No action is being taken in any jurisdiction outside the United
States to permit a public offering of the common stock or
possession or distribution of this prospectus in that
jurisdiction. Persons who come into possession of this
prospectus in jurisdictions outside the United States are
required to inform themselves about and to observe any
restrictions as to this offering and the distribution of this
prospectus applicable to those jurisdictions.
In this prospectus we rely on and refer to information and
statistics regarding the banking industry and the Tennessee
banking market. We obtained this market data from independent
publications or other publicly available information. Although
we believe these sources are reliable, we have not independently
verified and do not guarantee the accuracy and completeness of
this information.
As used in this prospectus the terms we,
us and our refer to Greene County
Bancshares, Inc. and its subsidiaries on a consolidated basis
(unless the context indicates another meaning) and the terms the
Bank, the bank, or our bank
means Greene County Bank (unless the context indicates another
meaning).
i
SUMMARY
This summary highlights specific information contained
elsewhere in this prospectus or incorporated herein by
reference. This summary is not complete and does not contain all
of the information that you should consider before investing in
our common stock and is qualified in its entirety by the more
detailed information included or incorporated by reference in
this prospectus.

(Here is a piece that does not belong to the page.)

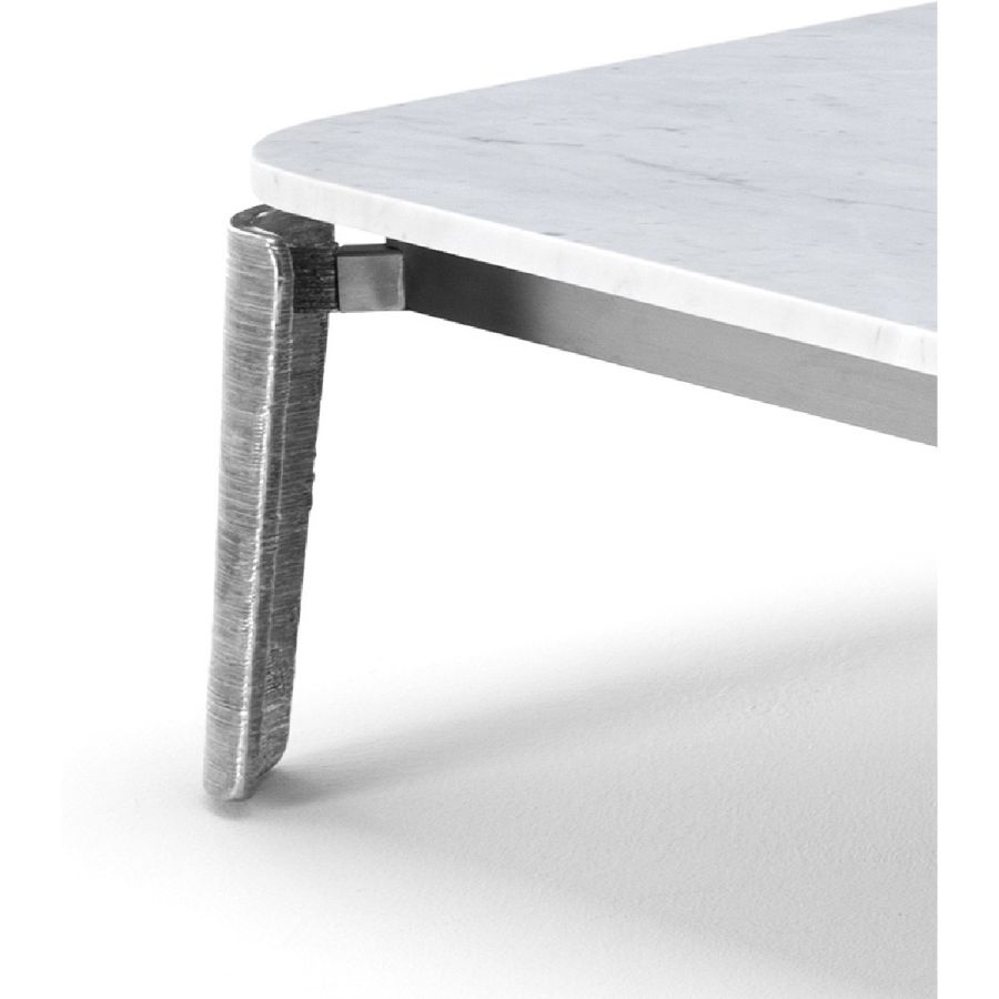 The Moonlight Rectangular Coffee Table combines marble with cast metal to create a sculptural presence. With essential lines, a wide surface, and a low center of gravity, it conveys balance and solidity. Available with aluminum or bronze legs, it enriches outdoor spaces with timeless elegance.

To understand this offering fully, you should
carefully read this entire prospectus, including the sections
entitled Risk Factors and Managements
Discussion and Analysis of Financial Condition and Results of
Operations and the documents incorporated herein by
reference.
Greene County Bancshares, Inc.
We are a bank holding company headquartered in Greeneville,
Tennessee. Our operations are primarily conducted through Greene
County Bank, our bank subsidiary, and its 41 Tennessee branches
located throughout East and Middle Tennessee. We also operate a
banking branch in each of Bristol, Virginia and
Hot Springs, North Carolina. The bank also operates a trust
services office in Lebanon, Tennessee and a mortgage banking
business in Knoxville, Tennessee. The map located on the inside
front cover of this prospectus provides further detail of our
office locations. Through the bank, we offer a range of lending
services, including real estate, commercial and consumer loans,
to individuals, small- and medium-sized businesses and other
organizations located throughout our markets. We complement our
lending operations with an array of retail deposit products and
fee-based services to support our clients. While offering our
customers the breadth of products typically found at larger
institutions, we employ a community banking strategy that
emphasizes superior customer service. We believe our focus on
customer relationships allows us to compete effectively within
our markets and provides us a competitive advantage as we expand
both within our existing markets and into new markets.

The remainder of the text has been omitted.